Data section.

<<<<

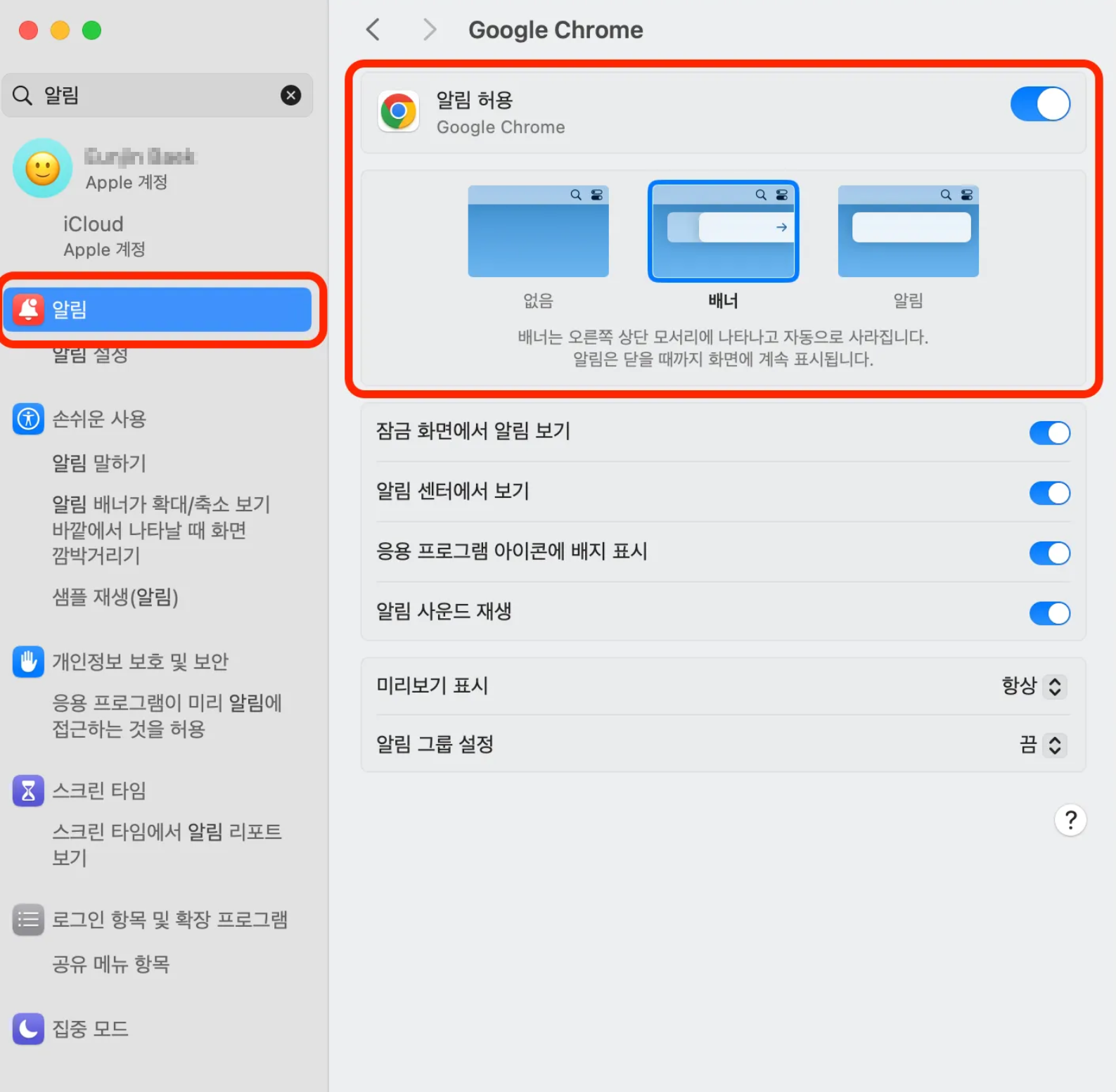 알림은 시스템 설정 + 브라우저 설정이 모두 켜져 있어야 수신됩니다.아래 내용을 한 번만 확인해 주세요.
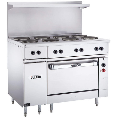 Vulcan EV48S-8FP480, 8 French Plate Burner Electric Restaurant Range, 1 Standard Oven, 21 kW
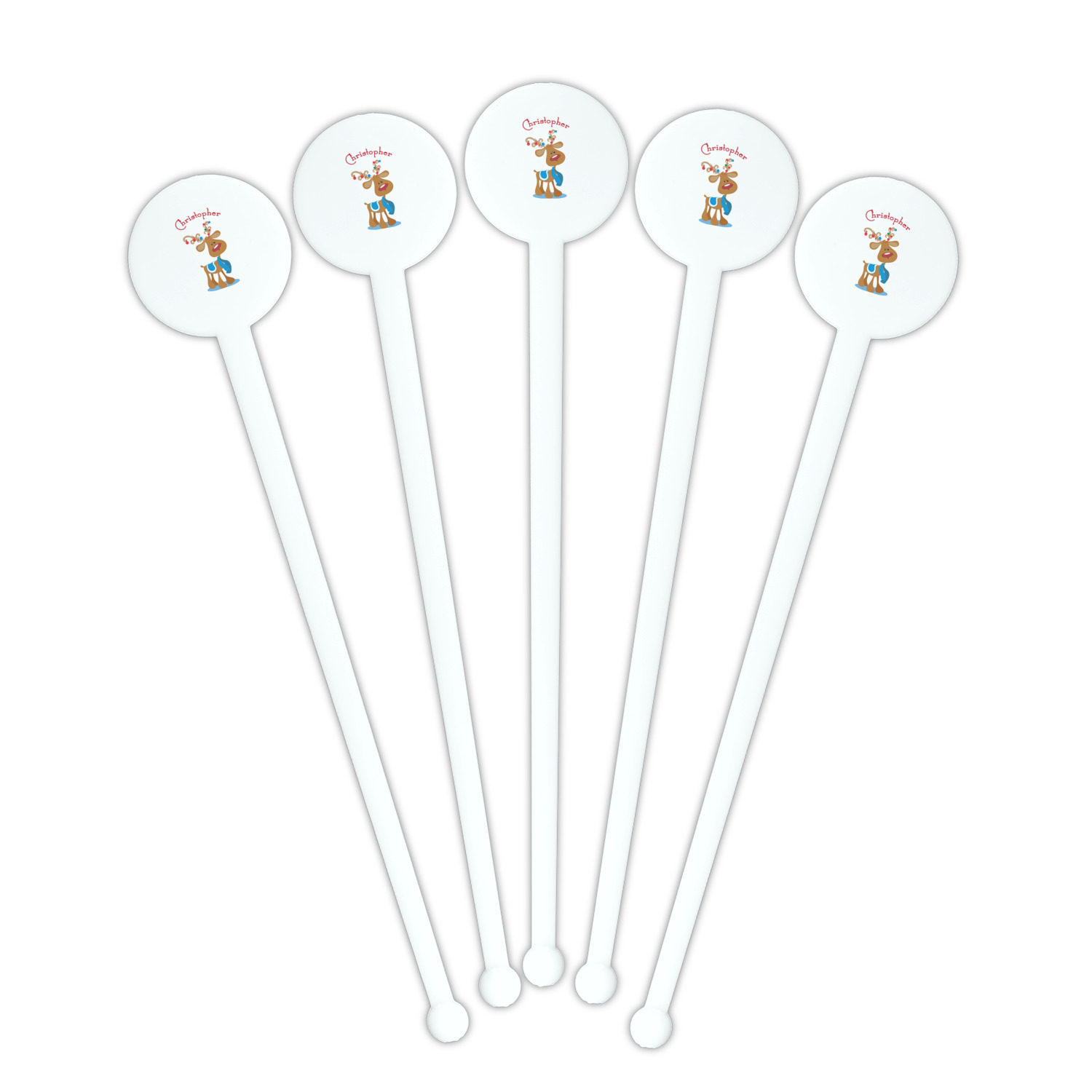 Who doesn't love reindeer? Everyone can agree this fun design of Santa's famous helpers clad in festive scarves and ornaments on their antlers, surrounded by candy canes, gingerbread men, and Christmas stockings, likely stuffed with even more goodies, is absolutely adorable. The ribbon and label are red, and the label includes a little reindeer, ready for the holidays, along with your name or text for personalization.

>>>>

Please leave the images out and retype the rest of the material exactly.

Response.
 알림은 시스템 설정 + 브라우저 설정이 모두 켜져 있어야 수신됩니다.아래 내용을 한 번만 확인해 주세요.
 Vulcan EV48S-8FP480, 8 French Plate Burner Electric Restaurant Range, 1 Standard Oven, 21 kW
 Who doesn't love reindeer? Everyone can agree this fun design of Santa's famous helpers clad in festive scarves and ornaments on their antlers, surrounded by candy canes, gingerbread men, and Christmas stockings, likely stuffed with even more goodies, is absolutely adorable. The ribbon and label are red, and the label includes a little reindeer, ready for the holidays, along with your name or text for personalization.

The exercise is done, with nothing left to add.